Loisirs
Pratique d’une activité artistique
| 60% des personnes interrogées déclarent pratiquer une activité artistique | 40% des personnes interrogées déclare ne pratiquer aucune activité artistique |
| Les 3 activités les plus pratiquées * : - lecture-écriture : 45 % - activités multimedia : 30 % - musique : 23 % * Plusieurs réponses possibles | Les activités souhaitées * : - aucune : 29 % - musique : 23 % - activités multimedia : 16 % * Plusieurs réponses possibles |
| Lieux de pratique - à domicile ou sur lieu de vie : 56 % - structure pour personnes handicapées : 32 % - structure tout public : 8 % | Les difficultés de pratique * : - impossibilité liée au handicap : 24 % - lieux de pratique difficiles d’accès : 24 % * Plusieurs réponses possibles |
Les deux activités artistiques les plus fréquemment citées (lecture/écriture et activités multimedia) sont marquées par l’isolement, contrairement à d’autres activités se déroulant dans un contexte collectif (musique & chant, théâtre). Le fait que la majorité des personnes handicapées pratiquant une activité artistique privilégie leur domicile comme lieu de pratique contribue encore à renforcer cet isolement. Lorsque les activités artistiques ne sont pas pratiquées à domicile, elles se déroulent le plus souvent dans des structures pour personnes handicapées, très marginalement dans des structures tout public. En effet, une grande partie des activités de loisirs proposées par les associations de personnes handicapées ont lieu dans les locaux associatifs. Les grandes associations gérant des établissements pour personnes handicapées ont aussi tendance à décliner la majorité de leurs loisirs en interne, ce qui freine l’intégration sociale de leurs usagers. Au contraire, pratiquer des activités de façon mixte, en faisant cohabiter personnes valides et personnes handicapées, n’est pas forcément une pratique répandue. Ainsi, les activités artistiques pratiquées par les personnes handicapées ne favorisent pas leur intégration sociale, que ce soit dans le choix de l’activité ou dans le lieu de pratique.

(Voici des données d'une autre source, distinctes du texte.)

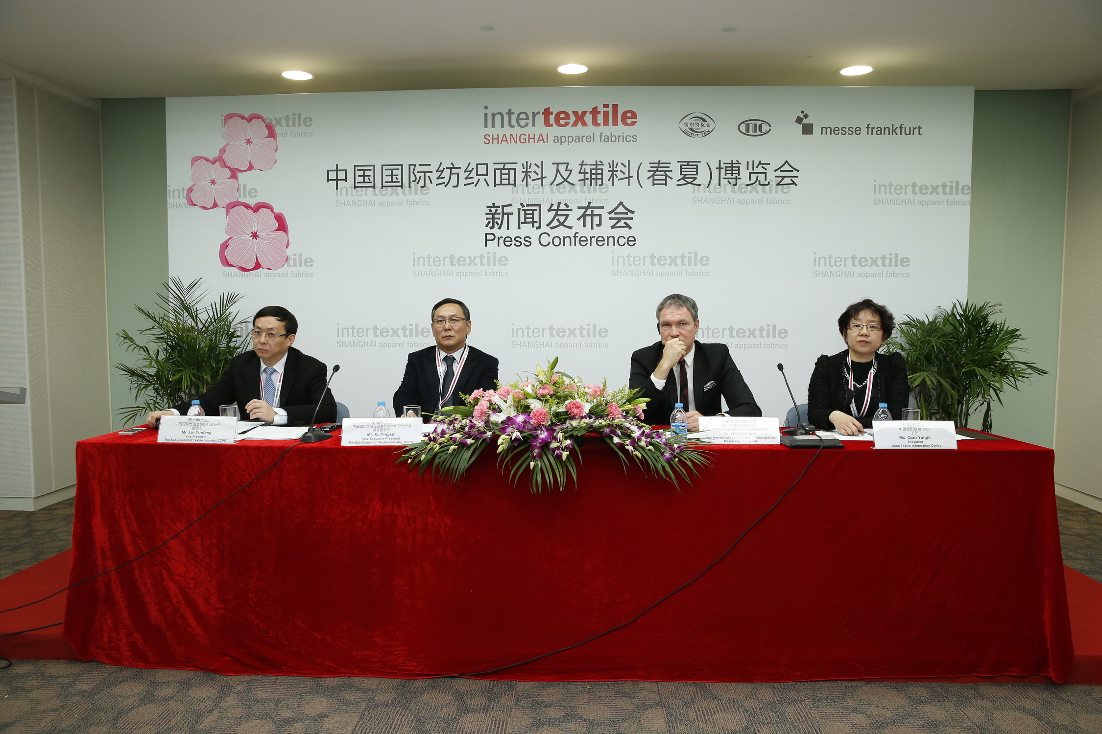 由中國紡織工業(ye) 聯合會(hui) 主辦,伟德国际英国、中國紡織信息中心和法蘭(lan) 克福展覽(香港)有限公司共同承辦的中國國際紡織麵料及輔料(春夏)博覽會(hui) ,於(yu) 2014年3月3日在上海世博展覽館盛大開幕。中國國際紡織麵料及輔料(春夏) 博覽會(hui) 新聞發布會(hui) 也於(yu) 開幕同日舉(ju) 行。中國國際貿促會(hui) 紡織行業(ye) 分會(hui) 常務副會(hui) 長徐迎新、法蘭(lan) 克福展覽有限公司紡織品及紡織技術全球品牌展副總裁Olaf Schmidt、中國紡織信息中心主任喬(qiao) 豔津出席發布會(hui) 。會(hui) 議由中國國際貿促會(hui) 紡織行業(ye) 分會(hui) 副會(hui) 長林雲(yun) 峰主持。
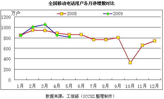 移動電話用戶方面,2009年1~5月,移動電話用戶增加4571.9萬戶,用戶總量達(dá)6.87億戶,其中,在09年的前三個月,移動用戶增長速度不斷加快,四月和五月的用戶增長速度明顯放緩,五月份的凈增量降至814.7萬戶,是09年增長最慢的月份。從09年前五個月的表現(xiàn)來看,移動用戶增長快的月份,固話用戶的流失量也有所增長,這證明了移動通信與固話通信明顯的替代效應(yīng)。

Les difficultés invoquées par les personnes ne pratiquant aucune activité (lieux difficiles d’accès et difficultés liés au handicap) peuvent être interprétées comme résultant d’une inadéquation entre les lieux de pratique et les incapacités dues au handicap. Cette inadéquation pouvant entraîner une démotivation qui expliquerait que près d’un tiers des personnes déclare ne souhaiter pratiquer aucune activité artistique.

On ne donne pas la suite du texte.